Pre-draft measurables
| Height | Weight | 40-yard dash | 10-yard split | 20-yard split | 20-yard shuttle | Vertical jump | Broad jump | Bench press |
| 6 ft 4+5⁄8 in (1.95 m) | 315 lb (143 kg) | 4.92 s | 1.61 s | 2.82 s | 4.72 s | 30.5 in (0.77 m) | 8 ft 6 in (2.59 m) | 22 reps |
All values from Pro Day

===New Orleans Saints (first stint)===
Bushrod was selected in the fourth round (125th overall) by the New Orleans Saints in the 2007 NFL draft. The Saints acquired the fourth round pick along with Mark Simoneau from the Philadelphia Eagles as part of the deal that sent Donté Stallworth to Philadelphia in 2006. On June 20, 2007, Bushrod signed a three-year contract. Bushrod's NFL debut was on November 11, 2007 against the Houston Texans. Bushrod played in only three games prior to the 2009 season. However, after an injury to Saints' starting left tackle Jammal Brown, Bushrod became a starter for the Saints in 2009, helping the Saints to their first and only Super Bowl Championship. On April 13, 2010, signed a one-year contract to return to the team. Bushrod led the NFL in snaps played in the 2011 season with 1,177. On July 29, 2011, Bushrod signed a 2-year contract with the New Orleans Saints, where he was a Pro Bowler in 2011 and 2012.

===Chicago Bears===
Bushrod signed a five-year deal worth $35 million with the Chicago Bears on March 12, 2013. Bushrod was released on February 16, 2016.

=== Miami Dolphins ===
On March 10, 2016, Bushrod signed with the Miami Dolphins and served as their starting right guard. Bushrod was the starting right guard during the 2016 season leading the way for Jay Ajayi to rush for 1,278 yards.

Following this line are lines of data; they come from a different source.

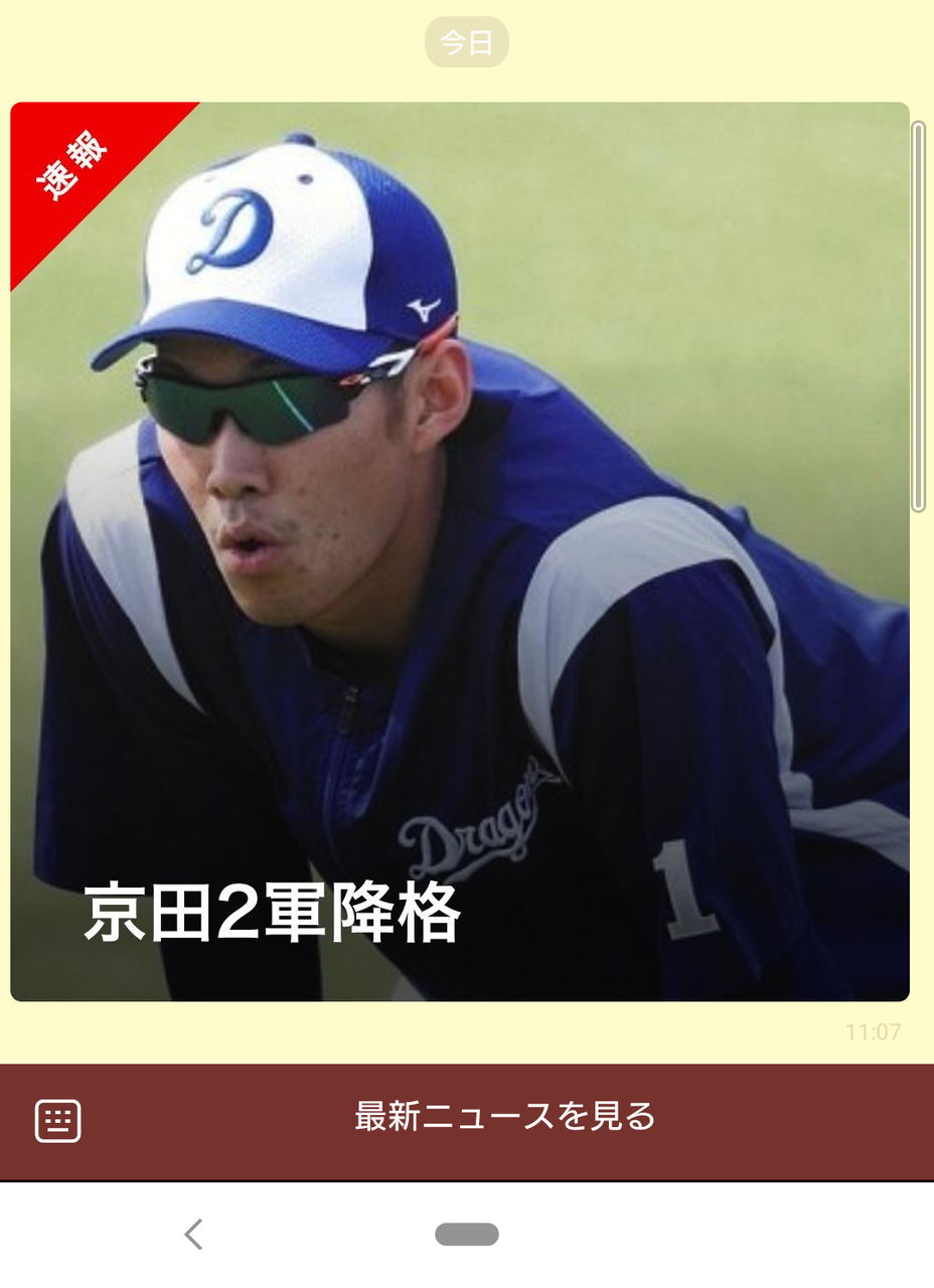京田は今季ここまで46試合に出場し、打率2割4分5厘、10打点だった。主に2番を務めたが、ここ3試合は三ツ俣にスタメンを譲っていた。
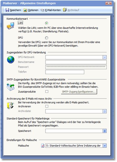 Der Bereich "SMTP-Zugangsdaten für BüroWARE-Zusatzprodukte"
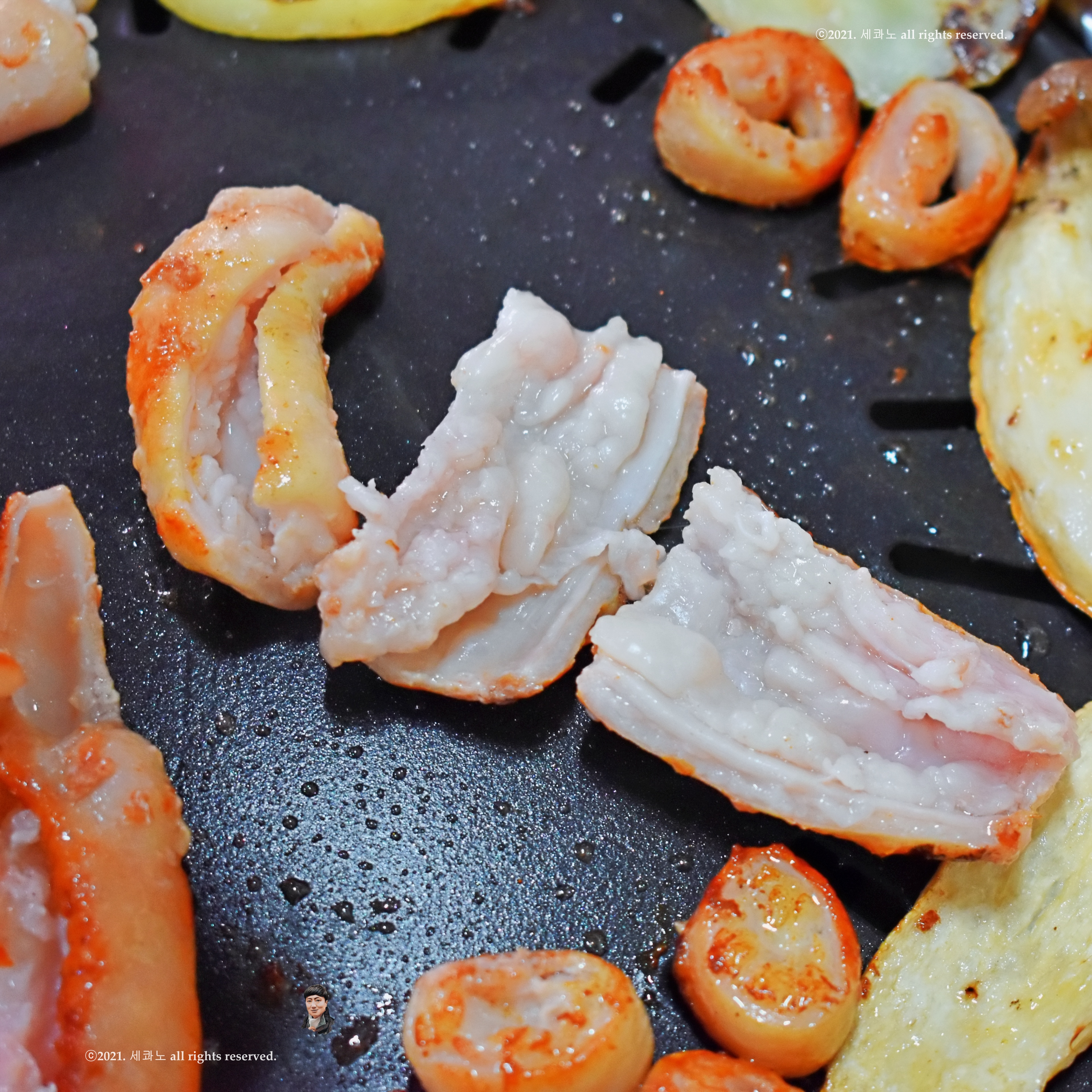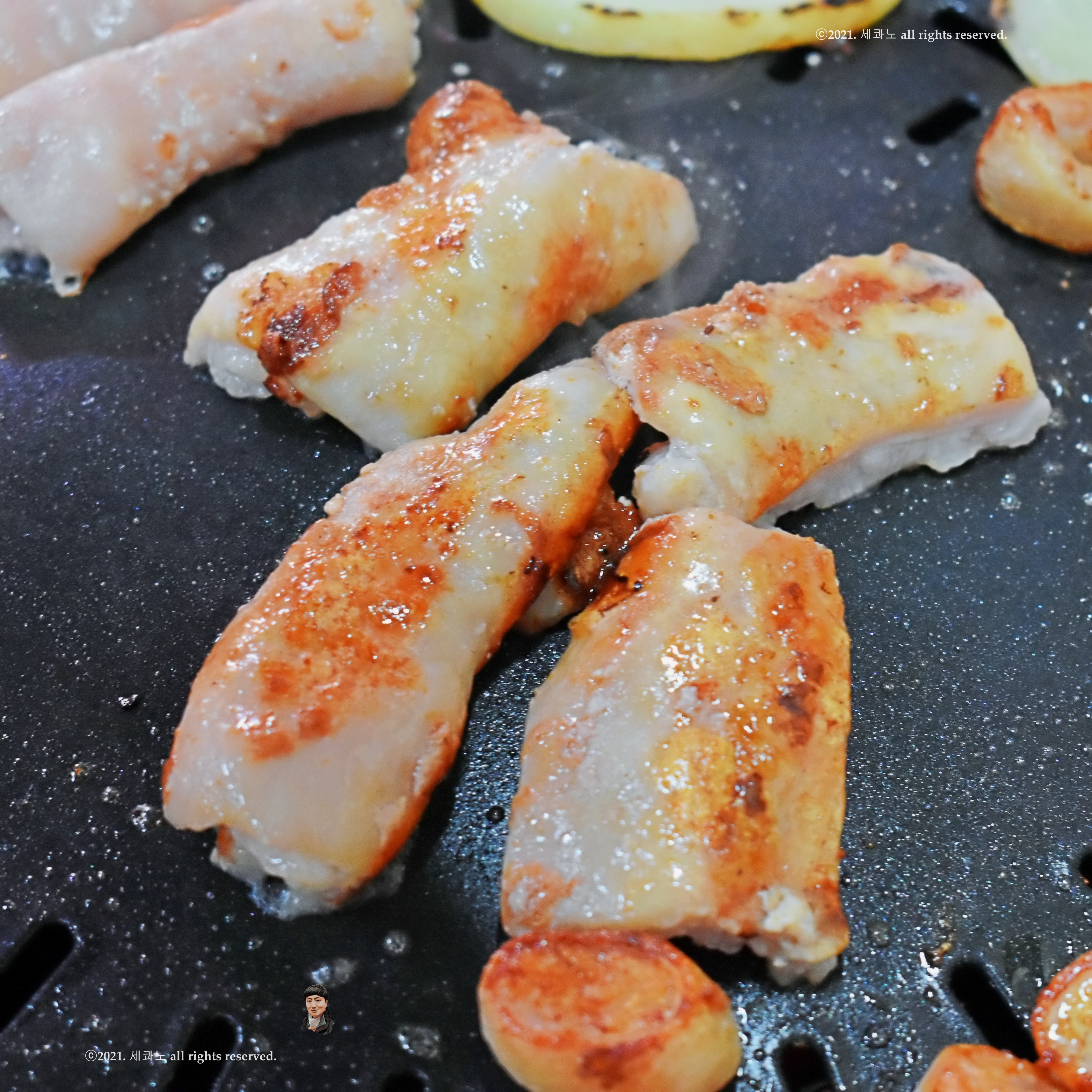 특히 안쪽 지방 부분이 아래로 가도록 해서 구워주면

On March 16, 2017, Bushrod re-signed with the Dolphins. He started 10 games in 2017 before suffering a foot injury in Week 11. He missed the next four games before being placed on injured reserve on December 20, 2017.

===New Orleans Saints (second stint)===
On March 15, 2018, Bushrod signed a one-year contract with the Saints. He was released on September 8, 2018, but was re-signed four days later. He started five games at left tackle in place of an injured Terron Armstead.

On August 29, 2019, Bushrod announced his retirement from the NFL.